[英]Apply function to dataframe column element based on value in other column for same row?
I have a dataframe: 我有一个数据帧:
df = pd.DataFrame(
{'number': ['10', '20' , '30', '40'], 'condition': ['A', 'B', 'A', 'B']})
df =
number condition
0 10 A
1 20 B
2 30 A
3 40 B
I want to apply a function to each element within the number column, as follows: 我想将一个函数应用于数字列中的每个元素,如下所示:
df['number'] = df['number'].apply(lambda x: func(x))

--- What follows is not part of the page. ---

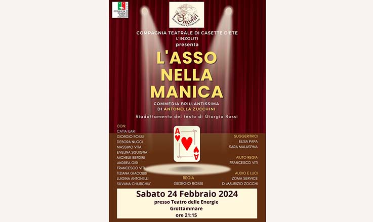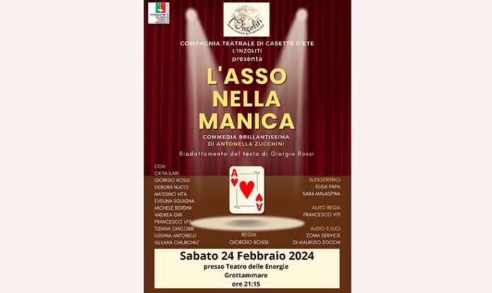 GROTTAMMARE – Sabato 24 febbraio alle ore 21,15 al Teatro delle Energie di Grottammare andrà in scena il secondo appuntamento della Rassegna di Teatro Amatoriale Dialettale “Commedie Nostre”. Sul palco la compagnia “Gruppo Teatrale L’Inzoliti” di Casette D’Ete con la brillantissima “L’asso nella manica” di Antonella Zucchini: una commedia in tre atti con riadattamento del testo e regia di Giorgio Rossi. La pièce è ambientata nel lontano 1959 e la famiglia Marinelli, oppressa dai debiti e da un paventato sfratto, spera in un asso nella manica. Tutto avviene mentre l’Italia intera aspetta con ansia la proclamazione del vincitore del nono festival di Sanremo. Sul palco gli attori Catia Ilari, Giorgio Rossi, Debora Nucci, Massimo Vita, Evelina Sguigna, Michele Berdini, Andrea Giri, Francesco Viti, Tiziana Giacobbi, Luigina Antonelli e Silvana Chiurchiù.

BUT, even though I apply the function to the number column, I want the function to also make reference to the condition
column ie in pseudo code: 但是,即使我将函数应用于数字列,我希望函数也引用
condition
列,即伪代码:
func(n):
#if the value in corresponding condition column is equal to some set of values:
# do some stuff to n using the value in condition
# return new value for n
For a single number, and an example function I would write: 对于单个数字,我会写一个示例函数:
number = 10
condition = A
def func(num, condition):
if condition == A:
return num*3
if condition == B:
return num*4
func(number,condition) = 15
How can I incorporate the same function to my apply
statement written above? 如何将相同的功能合并到我上面写的
apply
语句中? ie making reference to the value within the condition column, while acting on the value within the number column? 即引用条件列中的值,同时对数字列中的值进行操作?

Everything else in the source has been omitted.